【コラム】

OS X ハッキング!

60 bochs上でAmiga OS互換の「AROS」を動かす(その1)

    海上 忍  [2003/07/25]

    ここのところ、新iPod用アクセサリーが続々と登場している。どれもiPodオーナーのツボを押さえた製品ばかりで、1万円以内の小物買いが好きな筆者も何を買おうか仕事の合間にWebを散策する日々だ。ああ、iTripを買うべきや否や。もうFMトランスミッターは2台持っているのだけれど……。

    さて今回は、x86マシンのエミュレータ「bochs」を紹介したい。商用の製品として開発が開始されたが、やがてオープンソース化され、多くのUNIX系OSをサポートするに至ったエミュレータだ。動作速度に難はあるが、OS Xで動作する数少ない無償のx86エミュレータであることも事実。その点だけでも試す価値はあるだろう。

    ・まずはインストールと動作確認

    bochsのWebサイトではOS X用のバイナリが公開されているので、まずはダウンロードページからイメージファイル(Bochs-2.0.2.dmg)を入手しよう。マウントしたdmgファイルから「Bochs-2.0.2」フォルダを適当な領域へコピーすれば、インストールは完了だ。以降、この方法でbochsをインストールしたものと想定して話を進める。

    なお、bochsのパッケージには、余分な機能を削ぎ落として10MBにまで軽量化されたLinux(dlxlinux)がイメージファイルの形で同梱されている。他のOSを導入する前に、このdlxlinuxが動作するかどうか試しておこう。Bochs 2.0.2→dlxlinuxフォルダにある「bochs.scpt」を開き、「MacBochs x86 PC」というウインドウにLinuxのブートメッセージが表示されればテストは成功だ。

    ・ブート可能なOSの選定

    bochsはx86マシンのエミュレータであり、独自のOSを持たない。
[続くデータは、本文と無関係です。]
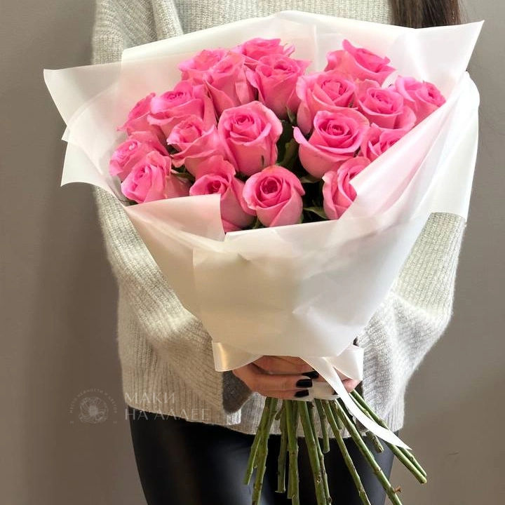 Этот букет представляет собой изящную композицию из розовых роз, элегантно упакованную в белую бумагу. Нежные оттенки роз создают романтичную и трогательную атмосферу, делая букет идеальным выбором для выражения чувств. Розы в букете свежие и яркие, их розовый цвет символизирует любовь, признательность и восхищение

そこでOSの選定が必要になるのだが、実はbochsには不具合や未実装の機能が多く、安定して動作するOSは少ないのだ。実際、筆者がKNOPPIX(CD-ROM1枚で起動可能なLinuxディストリビューション)やWindows XPで試したところ、途中で異常終了してしまい起動できなかった。bochsのWebサイトでは、起動可能なOS(もちろん再配布が許されたもの)をディスクイメージの形で公開しているので、それを利用したほうが手間はかからないだろう。

    そこで筆者が選んだのは……Amiga OS 3.1互換のOS「AROS」。Amiga OSはA4000やA1200といったAmiga実機で動作するプロプライエタリなOSだが、AROSはx86マシンを主なターゲットとしたオープンシステムであり、自らブート可能なだけでなく、LinuxやFreeBSDなどのホストOS上でも動作する。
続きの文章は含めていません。